• [Task prompt] Starting from the first line below, copy the whole listing exactly.

• [Exercise data]
****************
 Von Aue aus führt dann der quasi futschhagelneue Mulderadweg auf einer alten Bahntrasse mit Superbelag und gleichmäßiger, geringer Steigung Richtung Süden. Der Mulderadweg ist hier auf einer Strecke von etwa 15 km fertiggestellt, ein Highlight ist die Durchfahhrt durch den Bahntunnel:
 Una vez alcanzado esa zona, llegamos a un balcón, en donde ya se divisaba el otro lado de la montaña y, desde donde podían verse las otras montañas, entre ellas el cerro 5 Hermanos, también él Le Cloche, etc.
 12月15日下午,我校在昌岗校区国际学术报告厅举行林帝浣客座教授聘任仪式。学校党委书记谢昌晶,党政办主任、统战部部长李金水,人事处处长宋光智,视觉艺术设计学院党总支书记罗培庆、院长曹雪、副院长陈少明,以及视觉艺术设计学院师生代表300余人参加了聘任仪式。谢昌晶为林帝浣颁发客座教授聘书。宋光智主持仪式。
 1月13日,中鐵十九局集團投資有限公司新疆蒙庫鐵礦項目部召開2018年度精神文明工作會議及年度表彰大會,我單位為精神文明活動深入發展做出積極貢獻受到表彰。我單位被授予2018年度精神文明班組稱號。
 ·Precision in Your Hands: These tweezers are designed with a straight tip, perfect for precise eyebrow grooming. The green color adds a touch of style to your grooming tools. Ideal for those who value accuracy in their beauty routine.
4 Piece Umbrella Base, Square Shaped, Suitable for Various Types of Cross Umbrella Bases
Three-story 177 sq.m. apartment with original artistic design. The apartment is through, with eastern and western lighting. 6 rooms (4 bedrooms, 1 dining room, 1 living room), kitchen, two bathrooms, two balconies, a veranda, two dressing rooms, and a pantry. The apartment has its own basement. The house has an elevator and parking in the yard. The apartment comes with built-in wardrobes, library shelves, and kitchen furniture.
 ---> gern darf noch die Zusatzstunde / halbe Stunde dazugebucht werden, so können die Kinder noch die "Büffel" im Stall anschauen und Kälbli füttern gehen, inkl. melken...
****************
• [Solved problem]
 Von Aue aus führt dann der quasi futschhagelneue Mulderadweg auf einer alten Bahntrasse mit Superbelag und gleichmäßiger, geringer Steigung Richtung Süden. Der Mulderadweg ist hier auf einer Strecke von etwa 15 km fertiggestellt, ein Highlight ist die Durchfahhrt durch den Bahntunnel:
 Una vez alcanzado esa zona, llegamos a un balcón, en donde ya se divisaba el otro lado de la montaña y, desde donde podían verse las otras montañas, entre ellas el cerro 5 Hermanos, también él Le Cloche, etc.
 12月15日下午,我校在昌岗校区国际学术报告厅举行林帝浣客座教授聘任仪式。学校党委书记谢昌晶,党政办主任、统战部部长李金水,人事处处长宋光智,视觉艺术设计学院党总支书记罗培庆、院长曹雪、副院长陈少明,以及视觉艺术设计学院师生代表300余人参加了聘任仪式。谢昌晶为林帝浣颁发客座教授聘书。宋光智主持仪式。
 1月13日,中鐵十九局集團投資有限公司新疆蒙庫鐵礦項目部召開2018年度精神文明工作會議及年度表彰大會,我單位為精神文明活動深入發展做出積極貢獻受到表彰。我單位被授予2018年度精神文明班組稱號。
 ·Precision in Your Hands: These tweezers are designed with a straight tip, perfect for precise eyebrow grooming. The green color adds a touch of style to your grooming tools. Ideal for those who value accuracy in their beauty routine.
4 Piece Umbrella Base, Square Shaped, Suitable for Various Types of Cross Umbrella Bases
Three-story 177 sq.m. apartment with original artistic design. The apartment is through, with eastern and western lighting. 6 rooms (4 bedrooms, 1 dining room, 1 living room), kitchen, two bathrooms, two balconies, a veranda, two dressing rooms, and a pantry. The apartment has its own basement. The house has an elevator and parking in the yard. The apartment comes with built-in wardrobes, library shelves, and kitchen furniture.
 ---> gern darf noch die Zusatzstunde / halbe Stunde dazugebucht werden, so können die Kinder noch die "Büffel" im Stall anschauen und Kälbli füttern gehen, inkl. melken...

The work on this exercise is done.